----- DATA SUPPLIED -----

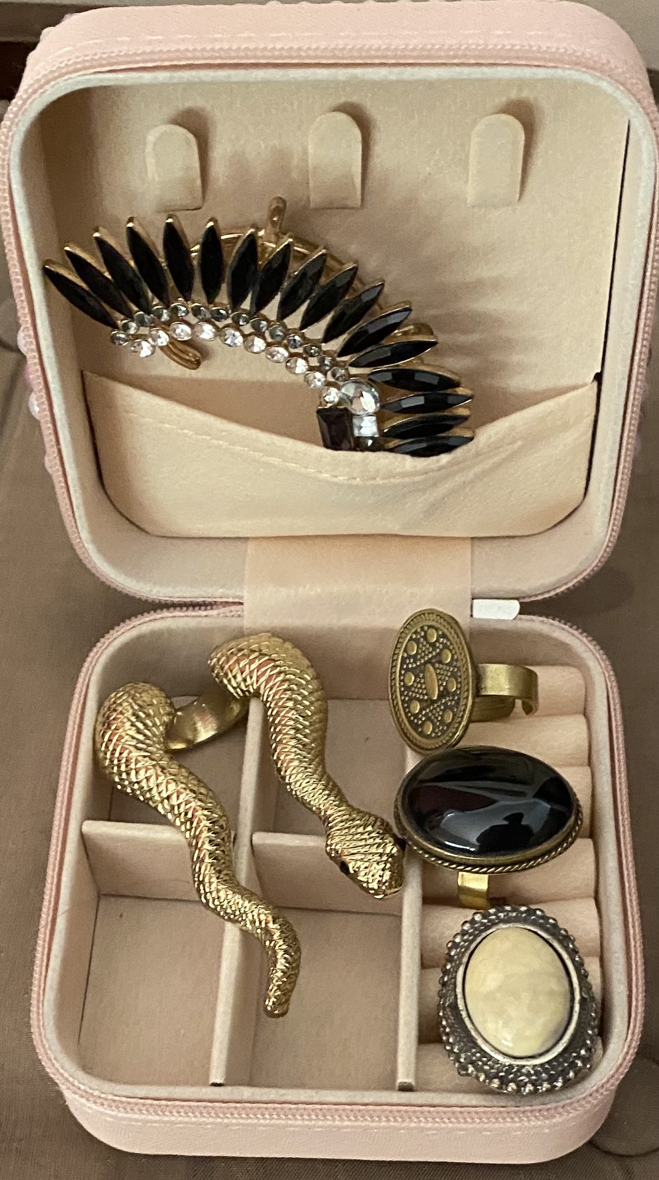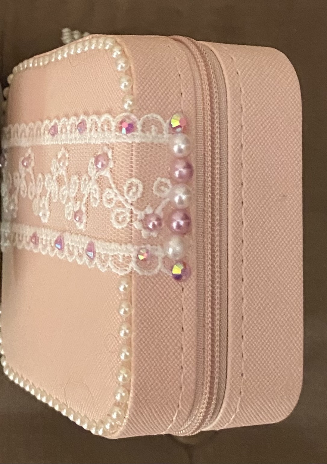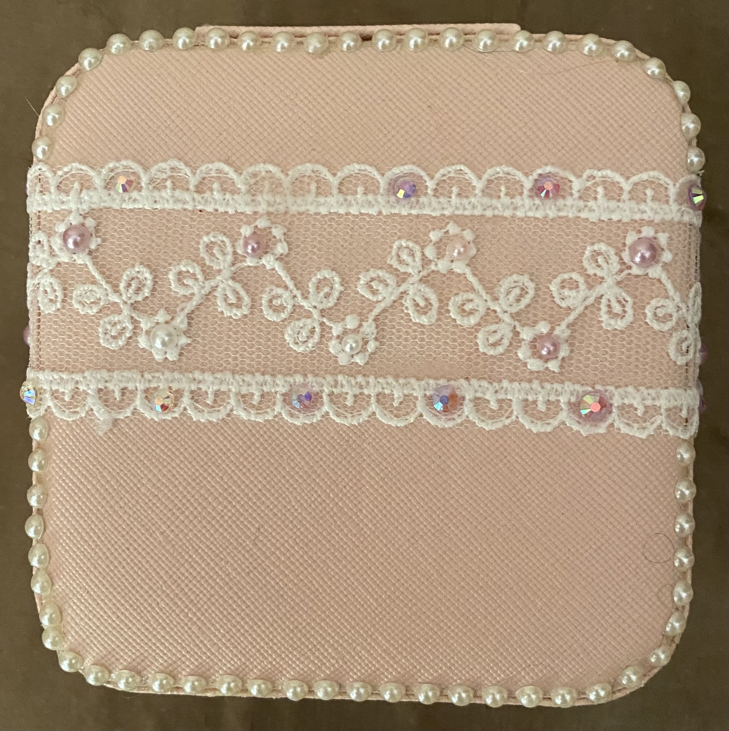 decorated with pearls and rhinostones
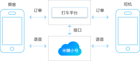 - 乘客通过打车平台下订单,由打车平台通过米糠小号将乘客手机与司机手机绑定在一起。
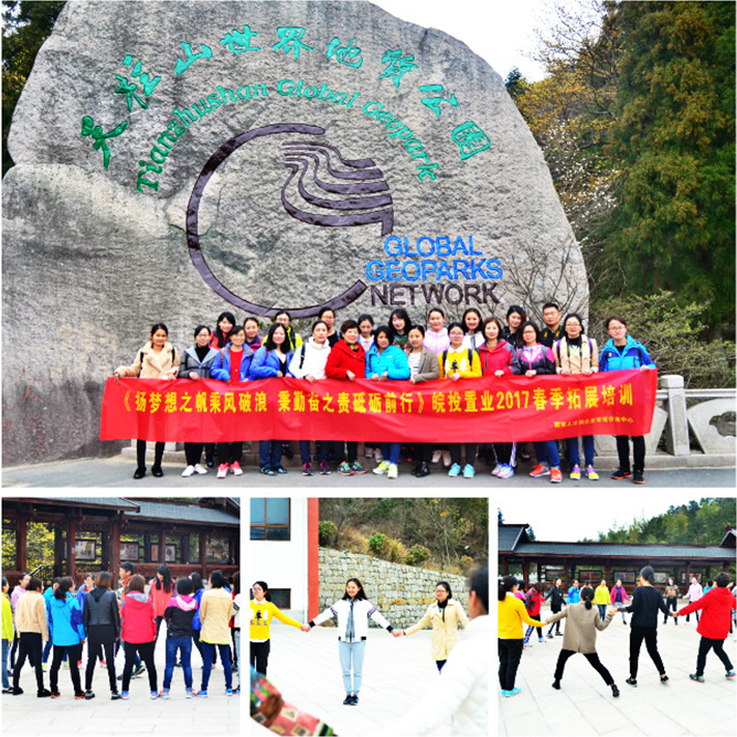 2017年3月10日-11日,皖投置業(yè)攜手新安人才網(wǎng)企管中心,在安徽天柱山拓展基地為皖投置業(yè)的員工們組織了“揚夢想之帆乘風(fēng)破浪,秉勤奮之責(zé)砥礪前行?!钡闹黝}拓展訓(xùn)練。此次拓展訓(xùn)練旨在慶祝3月8日國際勞動婦女節(jié),組織各位女性員工體驗大自然風(fēng)光的同時培養(yǎng)員工奮發(fā)向上,互幫互助,積極主動的集體主義精神。鍛煉學(xué)員的耐力和執(zhí)行力,提高職業(yè)精神,展現(xiàn)新時代的女性力量和女性魅力。
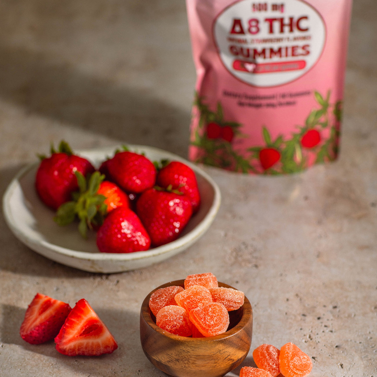 Crafted in small batches with care, our gummies feature a natural strawberry flavor, are free from artificial ingredients and gluten, and come in child-resistant packaging for peace of mind.
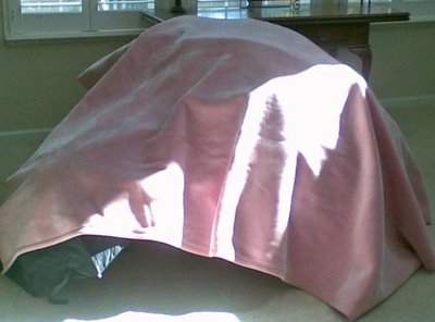 A big, round, pink-igloo fort that my kids made out of umbrellas.
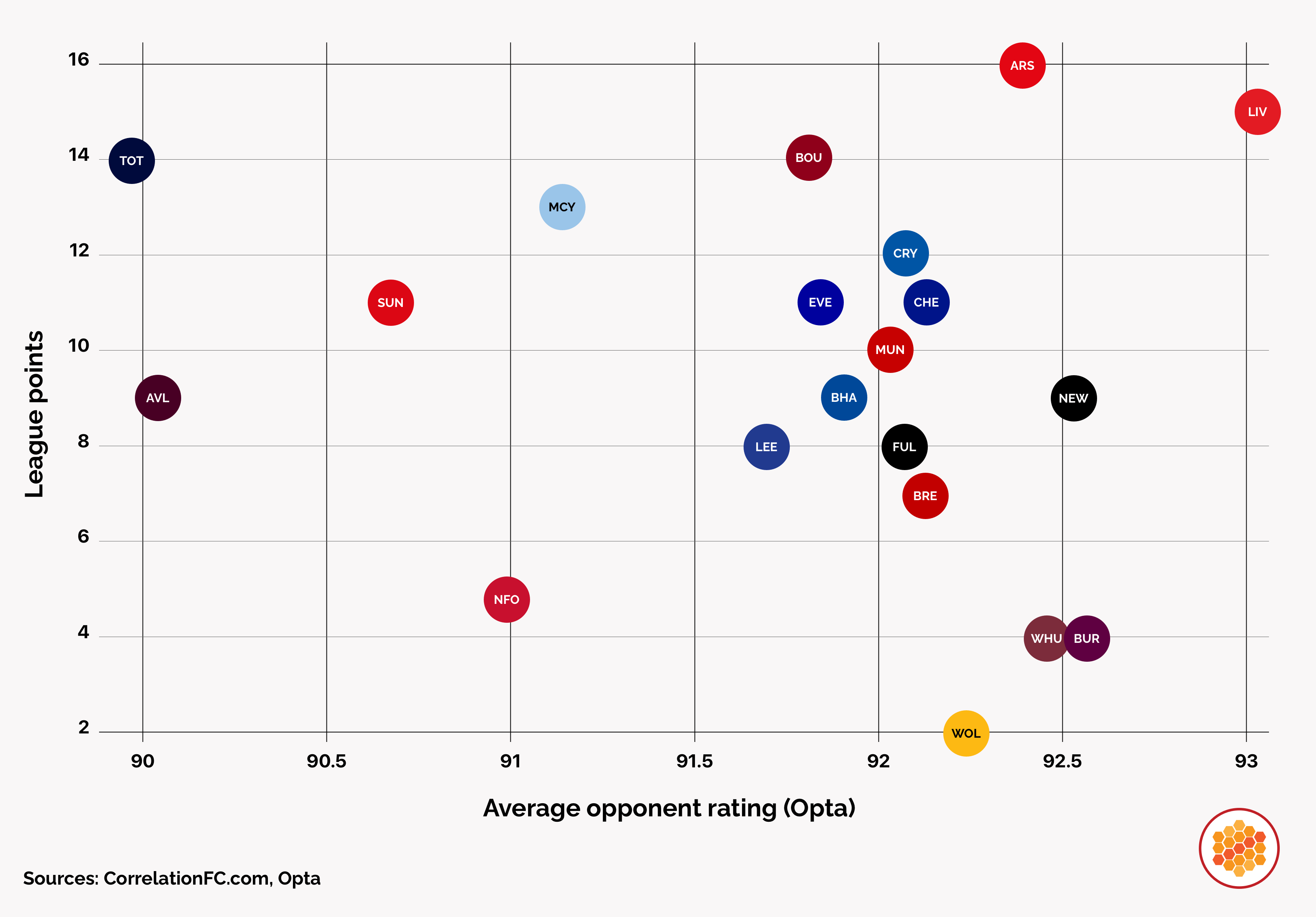 Looking at the graphic, in the top right corner, we can see the teams that have the most points and have faced the most difficult opponents. While Arsenal has one more point, Liverpool has had a more difficult schedule.
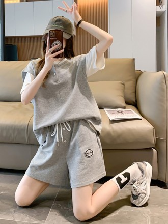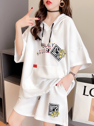 Loose casual short sleeved T-shirt and sports pants two-piece set for women's new summer fashion set
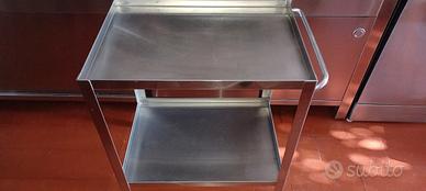 carrello in acciaio inox, ottimo stato, h 81 cm larghezza cm 71, profondità cm 51, quattro ruote, maniglia, due ripiani, bordo anti-caduta.

-----

* **ASSIGNMENT**
Copy out exactly the lines that run from the line containing "- 乘客通过打车平台下订单,由打车平台通" through the last line of the material, and nothing more; omit the pictures.

* **OUTPUT FOR THIS TASK**
 - 乘客通过打车平台下订单,由打车平台通过米糠小号将乘客手机与司机手机绑定在一起。
 2017年3月10日-11日,皖投置業(yè)攜手新安人才網(wǎng)企管中心,在安徽天柱山拓展基地為皖投置業(yè)的員工們組織了“揚夢想之帆乘風(fēng)破浪,秉勤奮之責(zé)砥礪前行?!钡闹黝}拓展訓(xùn)練。此次拓展訓(xùn)練旨在慶祝3月8日國際勞動婦女節(jié),組織各位女性員工體驗大自然風(fēng)光的同時培養(yǎng)員工奮發(fā)向上,互幫互助,積極主動的集體主義精神。鍛煉學(xué)員的耐力和執(zhí)行力,提高職業(yè)精神,展現(xiàn)新時代的女性力量和女性魅力。
 Crafted in small batches with care, our gummies feature a natural strawberry flavor, are free from artificial ingredients and gluten, and come in child-resistant packaging for peace of mind.
 A big, round, pink-igloo fort that my kids made out of umbrellas.
 Looking at the graphic, in the top right corner, we can see the teams that have the most points and have faced the most difficult opponents. While Arsenal has one more point, Liverpool has had a more difficult schedule.
 Loose casual short sleeved T-shirt and sports pants two-piece set for women's new summer fashion set
 carrello in acciaio inox, ottimo stato, h 81 cm larghezza cm 71, profondità cm 51, quattro ruote, maniglia, due ripiani, bordo anti-caduta.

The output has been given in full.